Task prompt: An image-free, word-for-word version of the records below is to be returned.

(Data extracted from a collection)
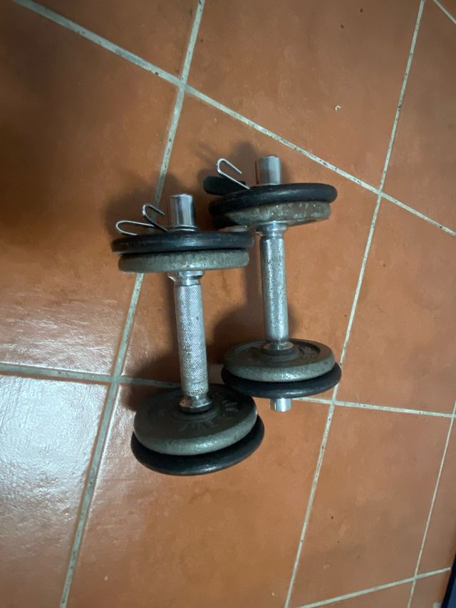 Dettagli del prodottoCoppia di manubri con dischi di peso regolabili. Ideale per allenarsi a casa.
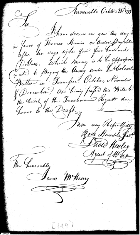 - In source: Collection: Letters Sent by David Henley, Agent of the War Department, May 1, 1799-May 7, 1800. (RG217)
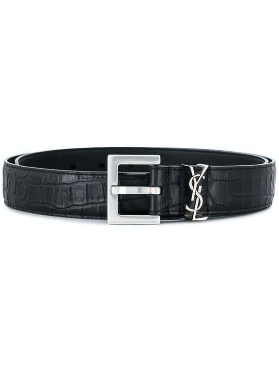 Insignia Crocodile-embossed Leather Belt - Black - Saint Laurent Belts
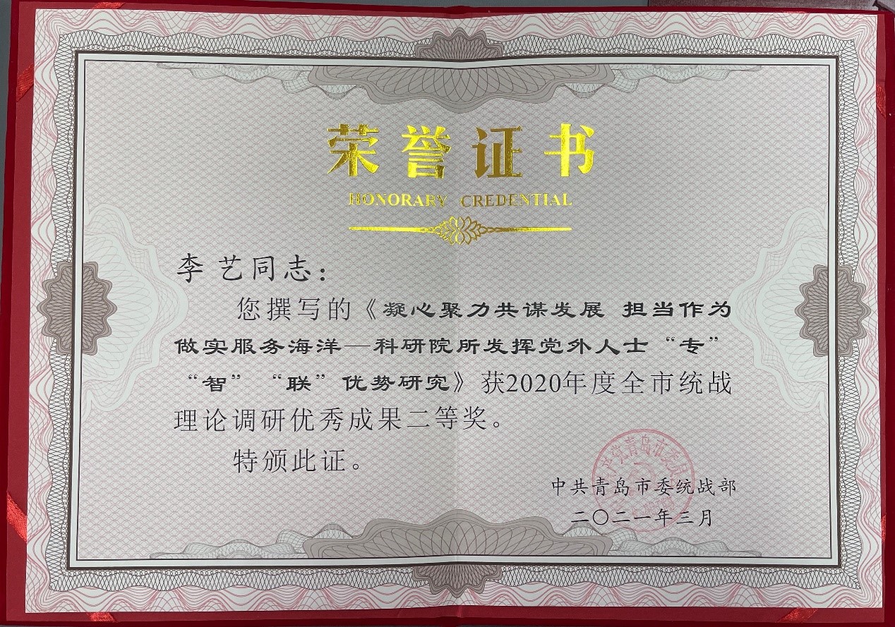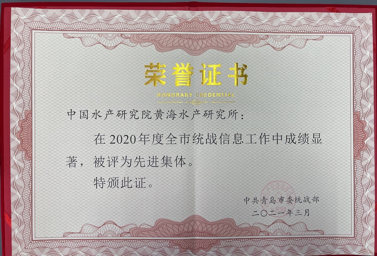 中國(guó)水產(chǎn)科學(xué)研究院黃海水產(chǎn)研究所連續(xù)四年榮獲“2020年度全市統(tǒng)戰(zhàn)信息工作先進(jìn)集體”榮譽(yù)稱(chēng)號(hào),阮曉紅同志榮獲“2020年度全市統(tǒng)戰(zhàn)信息工作先進(jìn)個(gè)人”榮譽(yù)稱(chēng)號(hào),李藝同志撰寫(xiě)的《凝心聚力共謀發(fā)展 擔(dān)當(dāng)作為做實(shí)服務(wù)海洋——科研院所發(fā)揮黨外人士“專(zhuān)”“智”“聯(lián)”優(yōu)勢(shì)研究》獲2020年度全市統(tǒng)戰(zhàn)理論調(diào)研優(yōu)秀成果二等獎(jiǎng)。黃海水產(chǎn)研究所作為先進(jìn)集體代表之一在大會(huì)作《凝心聚力謀發(fā)展 攜手同心譜新篇》經(jīng)驗(yàn)交流發(fā)言。
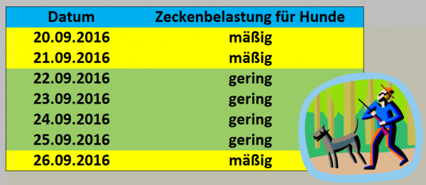 Trockenheit und kühle Nächte wirken sich in den kommenden Tagen schädlich auf den Zeckenbesatz aus. Im Unterholz ist bei den Hundezecken bis geringen bis mäßigen Belastungen zu rechnen.

Response to this task:
 Dettagli del prodottoCoppia di manubri con dischi di peso regolabili. Ideale per allenarsi a casa.
 - In source: Collection: Letters Sent by David Henley, Agent of the War Department, May 1, 1799-May 7, 1800. (RG217)
 Insignia Crocodile-embossed Leather Belt - Black - Saint Laurent Belts
 中國(guó)水產(chǎn)科學(xué)研究院黃海水產(chǎn)研究所連續(xù)四年榮獲“2020年度全市統(tǒng)戰(zhàn)信息工作先進(jìn)集體”榮譽(yù)稱(chēng)號(hào),阮曉紅同志榮獲“2020年度全市統(tǒng)戰(zhàn)信息工作先進(jìn)個(gè)人”榮譽(yù)稱(chēng)號(hào),李藝同志撰寫(xiě)的《凝心聚力共謀發(fā)展 擔(dān)當(dāng)作為做實(shí)服務(wù)海洋——科研院所發(fā)揮黨外人士“專(zhuān)”“智”“聯(lián)”優(yōu)勢(shì)研究》獲2020年度全市統(tǒng)戰(zhàn)理論調(diào)研優(yōu)秀成果二等獎(jiǎng)。黃海水產(chǎn)研究所作為先進(jìn)集體代表之一在大會(huì)作《凝心聚力謀發(fā)展 攜手同心譜新篇》經(jīng)驗(yàn)交流發(fā)言。
 Trockenheit und kühle Nächte wirken sich in den kommenden Tagen schädlich auf den Zeckenbesatz aus. Im Unterholz ist bei den Hundezecken bis geringen bis mäßigen Belastungen zu rechnen.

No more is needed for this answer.